Now consider adding huge amounts of water vapor to the air in cities like Wash DC, NOLA and most of the American South.

They would reach pre-monsoon humidity levels like seen in New Delhi. For months at a time. How does 90 degrees and 85% humidity sound to you? Think your home or car A/C will be able to handle that?

With lithium powered vehicles bursting into unquenchable flame, and H2-powered cars erupting into huge explosions when experiencing accidents, imagine yourself stuck in your car unable to go anywhere, when outside its literally deadly to move about..

I'm sure the zealots will claim, "we'll solve all those problems". AS IF there were no fundamental issues to address, that discovery will happen by "magic"!!

Meantime, the EVS are freezing up in cold climes, and bursting into flame in floods, and are performing pitifully during road tests. Even those with home charging stations are realizing that if 50% of their neighbors on the same grid do the same, there will not be enough power!

Go ahead readering, howard, Cook, gadfly et al: defend your stupid ideas one more time.

(Inga, being dumb as a shithouse rat, never addresses "grown up" technical issues. She gives them a "good leaving alone". But the others, who don't know what they don't know, persist.
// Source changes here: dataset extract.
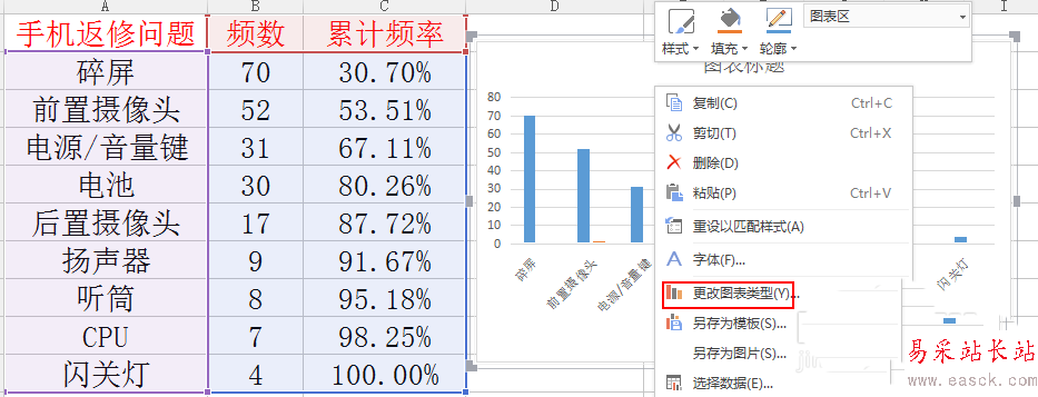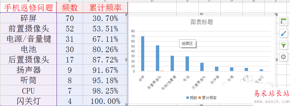 excel表格中怎么制作帕累托圖表?帕累托圖(Pareto chart)是將出現的質量問題和質量改進項目按照重要程度依次排列而采用的一種圖表,下面我們就來看看詳細的教程。
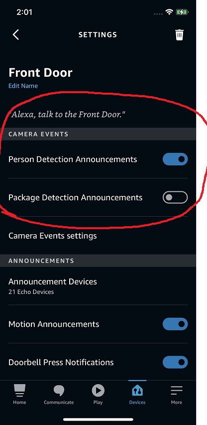 Alexa Person and Package Detection Announcements feature not working Very well made.

Howard's non-sequitur is a case in point)

effinayright said...

Mike of Snoqualmie said...
A new pipeline system for hydrogen isn't needed. Make it at the "gas" station. But, that's going to require a massive increase in the electric grid to get all the power to the "gas" station. Plus, just think of all the possible leaks from the H2 generators. Can you spell "Boom"?
***************

IC engine "gas stations" are not connected to pipelines!!!! Big-ass trucks show up to fill their underground tanks!!

The transfer and storage of LIQUID HYDROGEN H2-powered vehicles would require a completely different system.


So a new underground pipeline costing hundreds of billions would be needed-- unless you want highly-pressurized tanks of H2 traveling all over our roads.

("thing is", gasoline is far less volatile than H2. You can smoke a cig over a gasoline leak, and it won't catch fire. H2?....kaboom!))
--

Original Mike said...

"By the way, some recent engineering studies I have seen on batteries to store solar/wind find the cost to be astronomical, even assuming you could find enough raw materials with the increased demand."

Yes, windmills/solar and batteries is one of those things that you know will never happen, quite simply because it can't.

OldManRick said...

Reminds me of when Howard Hughes had some engineers design a steam car.
From http://calteches.library.caltech.edu/2907/1/howard.pdf

I asked them how they solved the water problem and Burns said to me, "Well, we just made the whole body one big radiator, full of tubes."

I looked at them-these bright, eager Caltech kids-and I said, "You mean the whole body is a radiator-including the doors?"

Burns said to me, "That's right, sir. You can go 400 miles on a tank of water."

I looked at him again and I said, "So tell me what happens if a car runs into me? Into my door, for example. Won't I get cooked? Boiled? Burned to a crisp?"

Well, little by little they turned red . ."


Well the same applies here when the car is in a accident.
Every car on the a potential Hindenburg!